I used to not be like this. I used to be a vibrant person who laughed a lot and had an improvisational left-field sense of humor that was edgy without being cruel. I was raised from a young age with the “Great American Myth” – be kind, don't break the law, work eight hours five days a week, don't be economically foolish, be a good person, etc., and I would be successful. I never really cared about the success part; it all just seemed to make sense to me. If we didn't work together and care about each other as fellow human beings, it didn't seem we would have much of a future. Now that seems to be writ large, as fascism has made a comeback, the Lock-down made a lot of people lose their social skills, we're still doing nothing about the climate, and the concept of planning for the future just seems absurd at this point.

At the same time, it's important to seize this time that we have right now, because every day as good as it's going to get from here on. We need to find joy, in defiance of the world, if for no other reason. We need to remember our humanity, we need to be certain not to lose our empathy. We need to remember to attend to our own needs. We need to take care of ourselves. Dance, sing, write, draw, paint, enjoy nature, enjoy music, love others, and most of all, remember to love yourself.

I think letting the planet to continue to burn for the benefit of a handful of pathologically-greedy crypt-keeper oil billionaires is far more detrimental to the health of America's youth than TikTok.

This bit here is me defiling the purity of the blank page, so it's done with and the blank space can no longer intimidate me into silence. I seldom see a blank page as an opportunity to recount an experience or weave a tale or write a poem as much as an opportunity to despoil a perfectly good journal that someone could have put to much better use.

This is my place to write down all the dumb stuff that is cluttering my brain capsule. I am a silly girl who talks a lot of shit but just gets angry a lot at the greed and intentional inequality and injustice in a world which frankly terrifies the shit out of me right now.
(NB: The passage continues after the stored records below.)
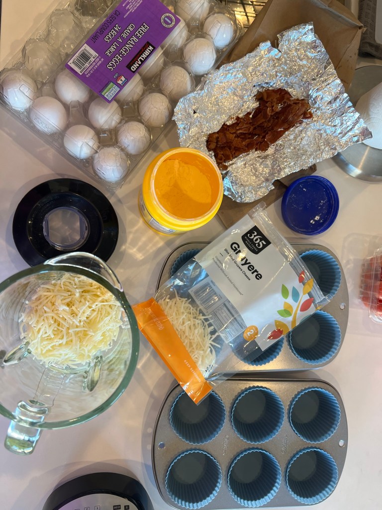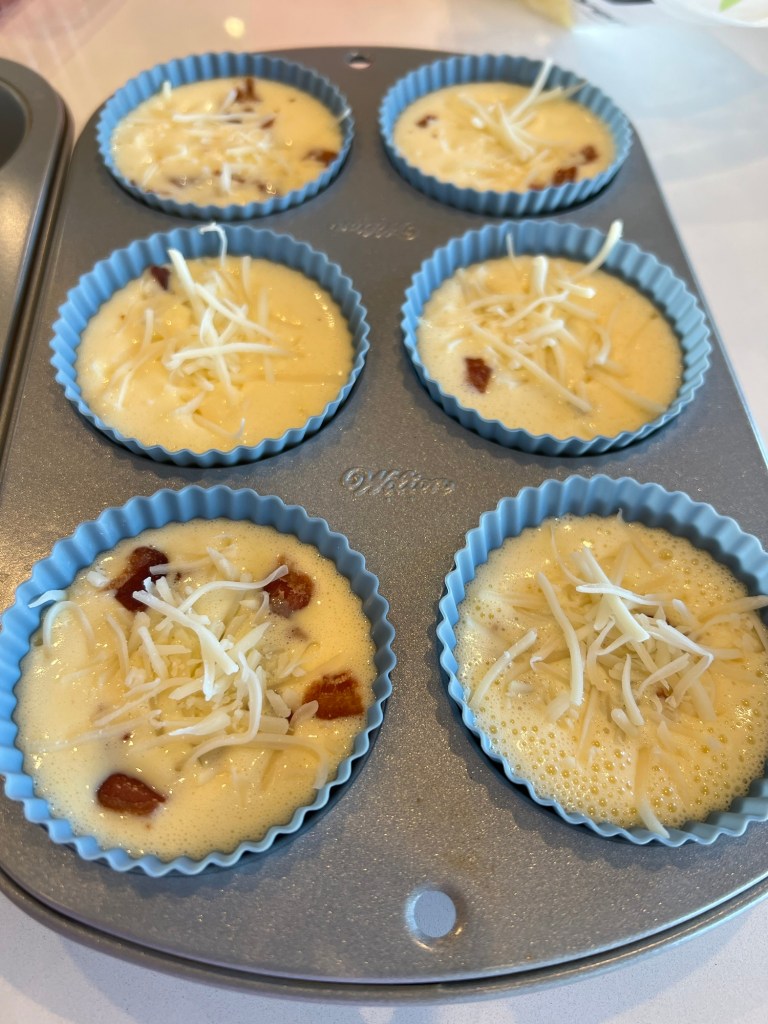 Pour the egg mixture evenly into the muffin pan, filling each about three quarters full. If you’d like to add additional toppings, like bacon or extra cheese, you can sprinkle those on top of the batter and press them into the batter before putting into the oven.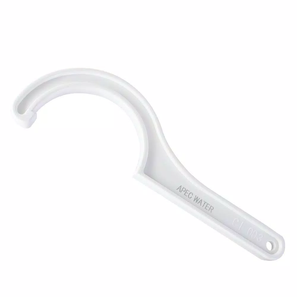 APEC 180° half circle shape filter housing wrench makes filter housing change much easier compare to use traditional standard circle wrench. It is an essential and durable accessory for under sink reverse osmosis system maintenance. This filter wrench fits most of the 10 in. industry standard size filter housing.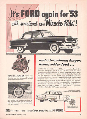 Title (ebay affiliate link): 1953 FORD CUSTOMLINE CAR W/STRATO-STAR 110-HP V-8 ENGINE ORIGINAL AD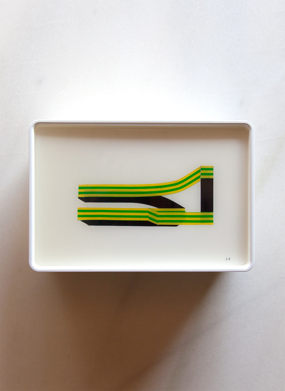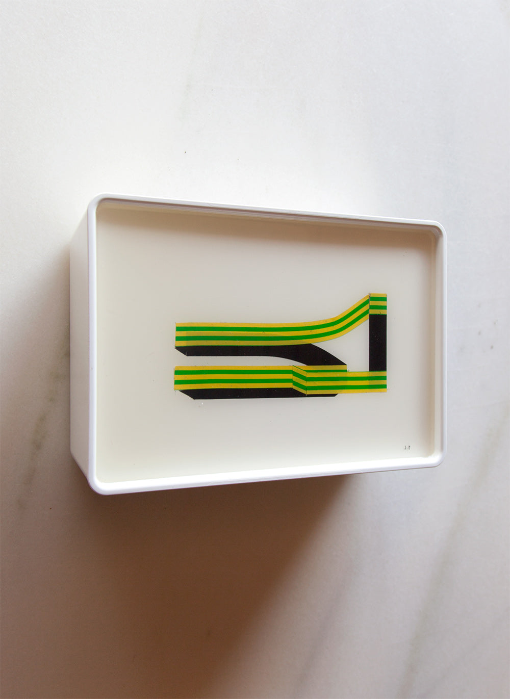 A series of artworks created using Ikea PVC boxes as a support, exploring a variety of mixed media techniques that combine collage, ink drawing, and resin. The resin is used both to seal the composition and to create subtle layers of depth, often resulting in irregular and imperfect finishes that embrace the experimental nature of the medium.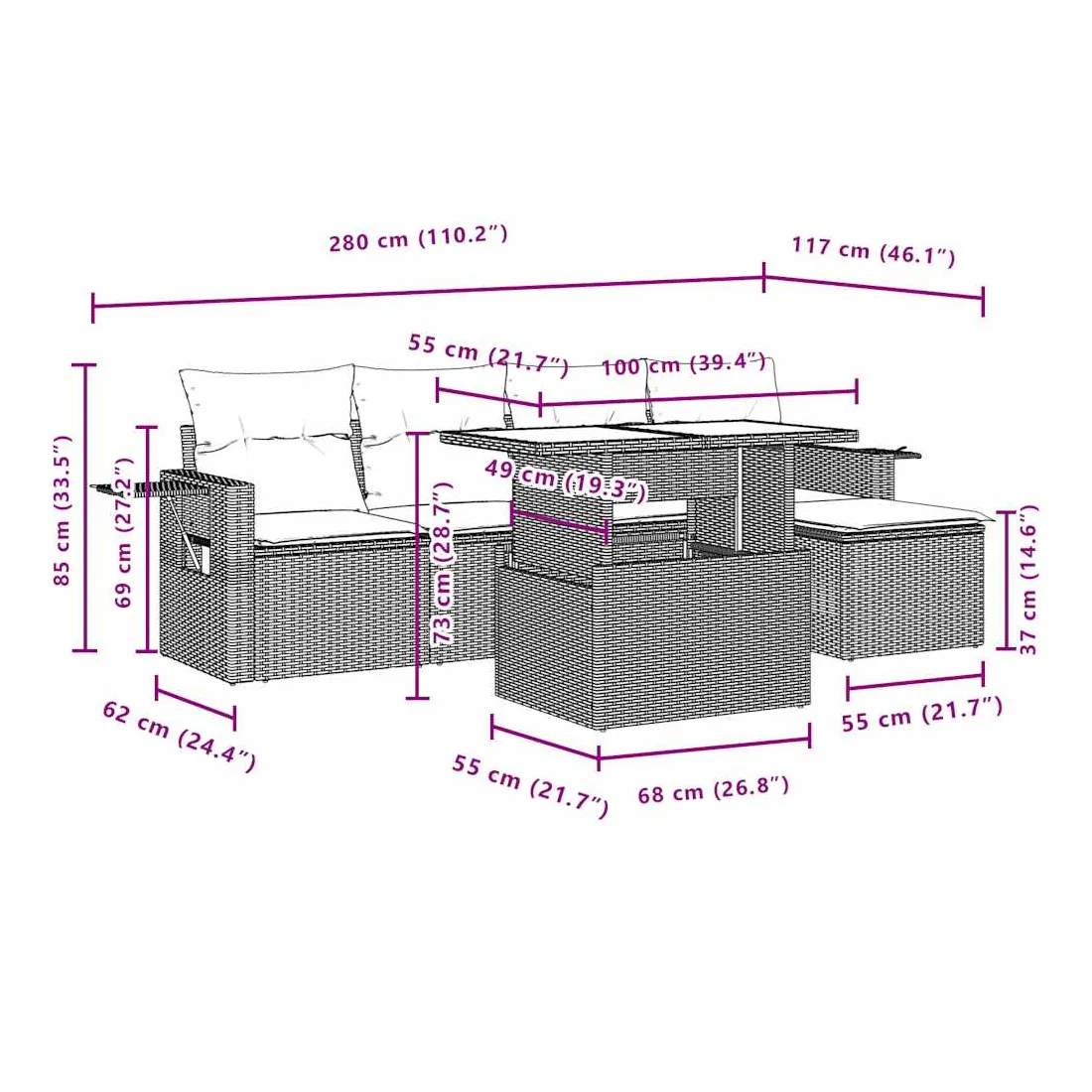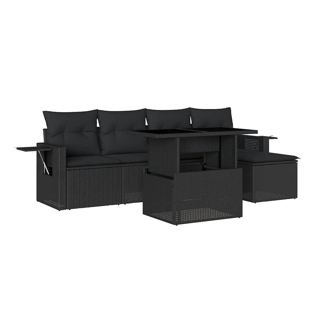 Cet ensemble de canapés de jardin est le complément parfait de votre arrière-cour, terrasse ou patio, offrant un espace confortable et accueillant pour discuter avec la famille et les amis ou simplement se détendre et profiter de l'extérieur. Matériau durable : la résine tressée, également connue sous le nom de poly rotin, est un matériau synthétique solide et nécessitant peu d'entretien qui ressemble au rotin naturel. Il est léger, facile à nettoyer et couramment utilisé pour les meubles d'extérieur en raison de sa durabilité et de ses propriétés de résistance aux intempéries.Dessus de table réglable : le dessus de table peut être soulevé pour rendre la table plus haute, ce qui transforme la table d'extérieur d'une table basse à une table de salle à manger. Elle est parfaite pour recevoir des invités ou prendre des repas à l'extérieur.Table d'appoint pratique : ce mobilier d'extérieur comprend des tables d'appoint pliables avec un ressort à gaz sur les accoudoirs, offrant des endroits pratiques pour garder vos essentiels à portée de main. Expérience d'assise confortable : ce mobilier d'extérieur, doté de coussins épais, offre une expérience d'assise confortable.Conception modulaire : cet ensemble de meubles d'extérieur a une conception modulaire, ce qui le rend complètement flexible et facile à déplacer, afin que vous puissiez créer un agencement de meubles d'extérieur personnalisé. Bon à savoir :Pour que vos meubles d'extérieur restent beaux, nous vous recommandons de les protéger avec une housse imperméable.

Having been the kind of person who has spent her entire life assuring that everyone else was happy to minimize conflict and the possibility of being perceived as weird or autistic, I don't really know for sure if I know who I am anymore. My outlook on life has been incredibly bleak for the past few years, so I suppose I owe myself an opportunity to deconstruct the masks and mechanisms that I've had to put in place to function in a neurotypical world, but which have sapped me of the fun, and playfulness, and creativity, and sense of wonder I had as a child. The things which annoyed my parents and were discouraged. I want that back, or at least some of it. So I suppose this is me announcing my intention to go on a cliche journey of self-discovery (“Live, Laugh, Love!”), not just to regain some of the happiness of my childhood, but the authenticity as well.